◆ **WORK ORDER**:
Omit all images, then repeat exactly the lines below from the one containing "To prepare the" through the one containing "星座系列36毫米**天文台表 ,采用 Sedna", both ends included.

(Dataset items)
- - - - -

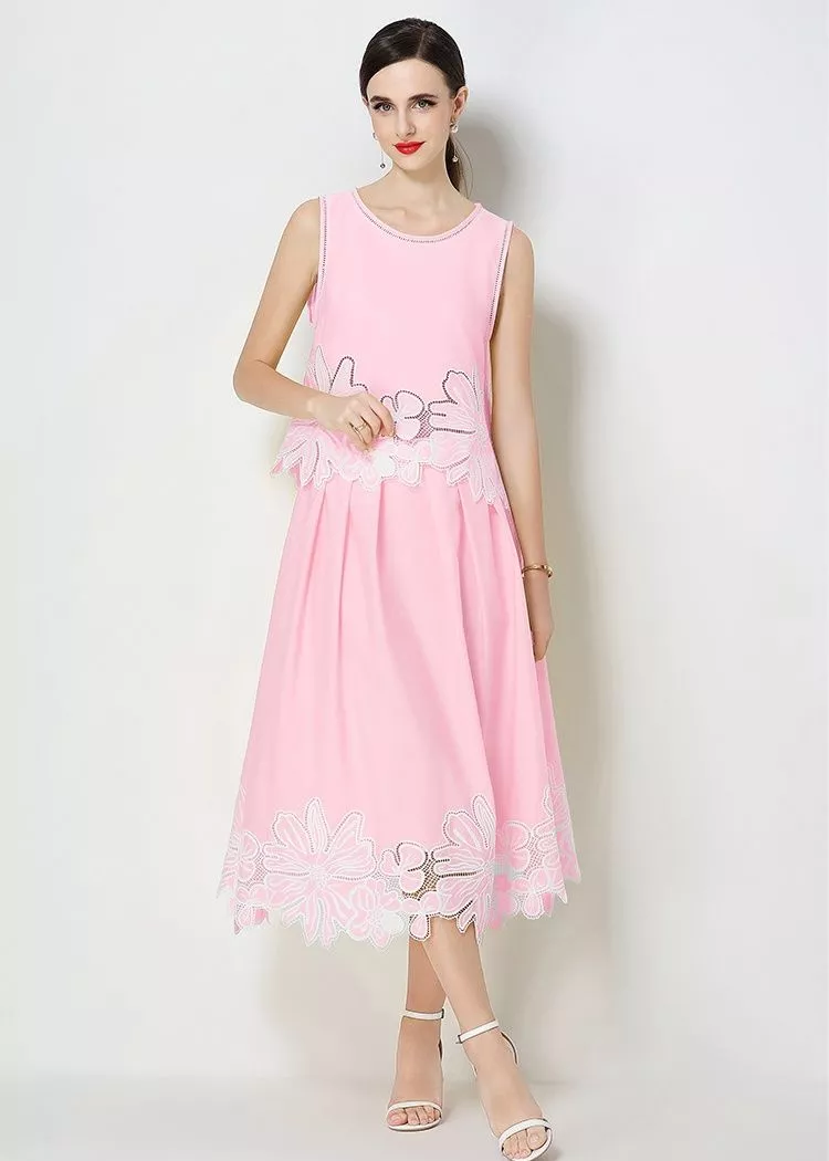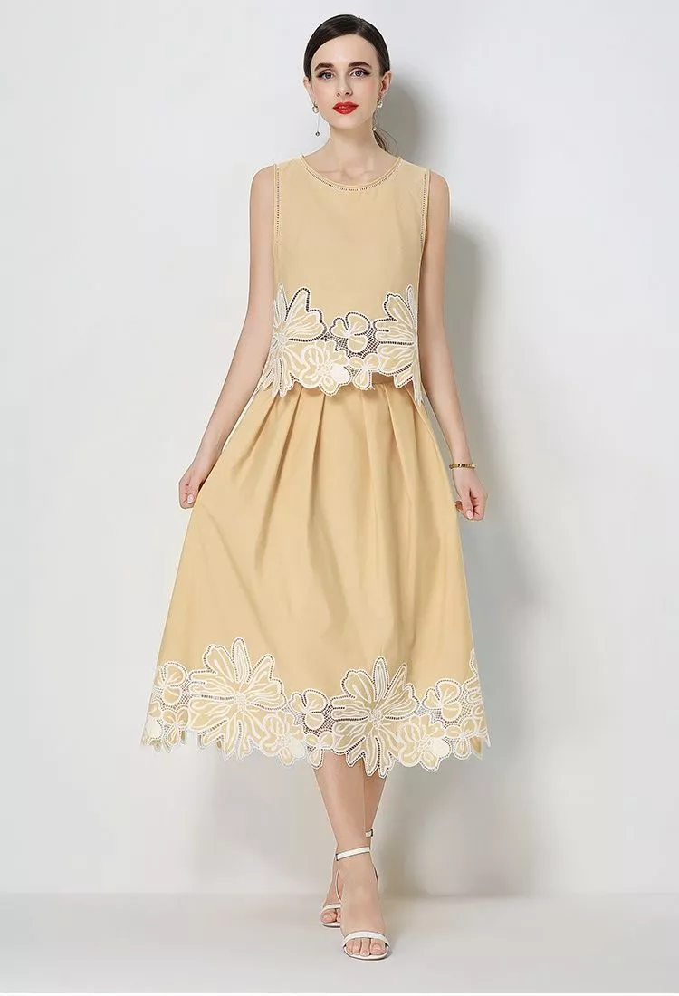 Completo due pezzi dal fascino couture composto da top ricamato coordinato e gonna midi ampia con lavorazione floreale traforata. La linea strutturata valorizza il punto vita mentre il ricamo sangallo dona pregio e leggerezza visiva. Un coordinato sofisticato ideale per cerimonie, eventi, party eleganti e occasioni speciali.
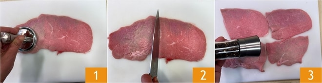 To prepare the Bolognese cutlet, start by taking the slices of meat and pounding them 1. If they are too large, cut them in half for convenience 2. Then season with salt and pepper 3.
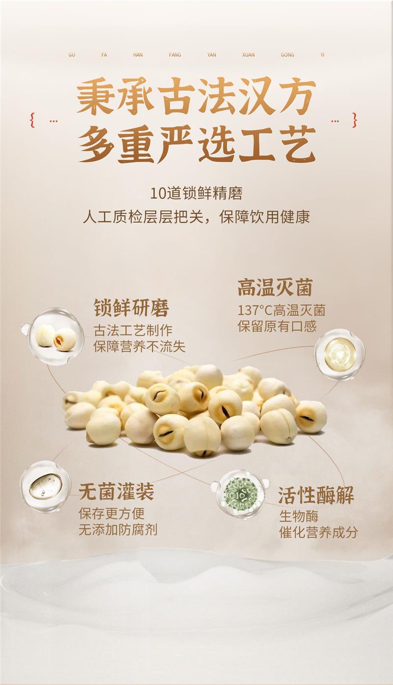 为了保证莲子汁的纯正本味和营养价值,该产品将藕粉、瓜子仁、核桃、冰糖等优选新鲜原料严格按照科学配比融合,通过古法调制,真正实现了0香精、0色素、0防腐剂、0脂肪、0增稠剂的五“0”主义,通过在产品上做“减法”,为消费者提供健康本味,成为低糖低卡人群的优选饮品。
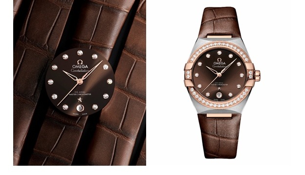 星座系列36毫米**天文台表 ,采用 Sedna 18K金打造,抛光表圈镶嵌38颗钻石,棕色表盘经过PVD涂层处理,呈现出太阳射线的打磨效果,指针、欧米茄品牌标识、星徽标志以及小时刻度均以 Sedna 18K金打造。搭配与表盘颜色相同的棕色皮表带,文质彬彬,是男女皆宜的手表。
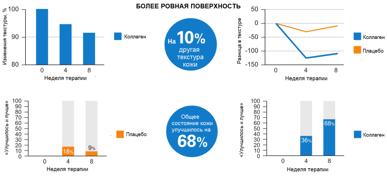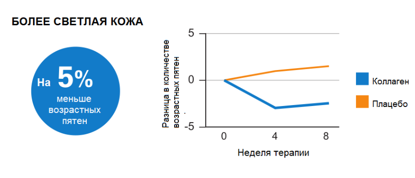 Результаты. В группе плацебо число возрастных пятен имело тенденцию к увеличению на 3 %. В группе коллагена количество возрастных пятен уменьшилось за 4 недели по сравнению с данными до терапии (0 недель).
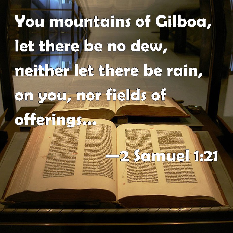 Choose a Background 2 Samuel 1:21 You mountains of Gilboa, let there be no dew, neither let there be rain, on you, nor fields of offerings: for there the shield of the mighty is vilely cast away, the shield of Saul, as though he had not been anointed with oil. KJV: Ye mountains of Gilboa, let there be no dew, neither let there be rain, upon you, nor fields of offerings: for there the shield of the mighty is vilely cast away, the shield of Saul, as though he had not been anointed with oil. DRB: Ye mountains of Gelboe, let neither dew, nor rain come upon you, neither be they fields of firstfruits: for there was cast away the shield of the valiant, the shield of Saul as though he had not been anointed with oil. DBT: Ye mountains of Gilboa, let there be no dew, no rain upon you, nor fields of heave-offerings! For there the shield of the mighty was vilely cast away, The shield of Saul, as not anointed with oil. ERV: Ye mountains of Gilboa, let there be no dew nor rain upon you, neither fields of offerings: for there the shield of the mighty was vilely cast away, the shield of Saul, not anointed with oil. WBT: Ye mountains of Gilboa, let there be no dew, neither rain upon you, nor fields of offerings: for there the shield of the mighty is vilely cast away, the shield of Saul, as though he had not been anointed with oil. WEB: You mountains of Gilboa, let there be no dew nor rain on you, neither fields of offerings; For there the shield of the mighty was vilely cast away, The shield of Saul was not anointed with oil. YLT: Mountains of Gilboa! No dew nor rain be on you, And fields of heave-offerings! For there hath become loathsome The shield of the mighty, The shield of Saul — without the anointed with oil.Links 2 Samuel 1:21 NIV • 2 Samuel 1:21 NLT • 2 Samuel 1:21 ESV • 2 Samuel 1:21 NASB • 2 Samuel 1:21 KJV • 2 Samuel 1:21 Interlinear • 2 Samuel 1:21 Commentaries • 2 Samuel 1:21 Parallel Texts • 2 Samuel 1:21 Bible Apps • 2 Samuel 1:21 Parallel • Bible Hub |
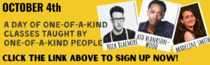 What is Choose-a-palooza? A fun afternoon of one-of-a-kind classes you can choose from that are taught by our amazing faculty members and Broadway professionals Nick Blaemire (Glory Days), Ato Blankson-Wood (Slave Play), and Madeline Smith (Waitress).

- - - - -

◆ **ANSWER TO THIS TASK**:
 To prepare the Bolognese cutlet, start by taking the slices of meat and pounding them 1. If they are too large, cut them in half for convenience 2. Then season with salt and pepper 3.
 为了保证莲子汁的纯正本味和营养价值,该产品将藕粉、瓜子仁、核桃、冰糖等优选新鲜原料严格按照科学配比融合,通过古法调制,真正实现了0香精、0色素、0防腐剂、0脂肪、0增稠剂的五“0”主义,通过在产品上做“减法”,为消费者提供健康本味,成为低糖低卡人群的优选饮品。
 星座系列36毫米**天文台表 ,采用 Sedna 18K金打造,抛光表圈镶嵌38颗钻石,棕色表盘经过PVD涂层处理,呈现出太阳射线的打磨效果,指针、欧米茄品牌标识、星徽标志以及小时刻度均以 Sedna 18K金打造。搭配与表盘颜色相同的棕色皮表带,文质彬彬,是男女皆宜的手表。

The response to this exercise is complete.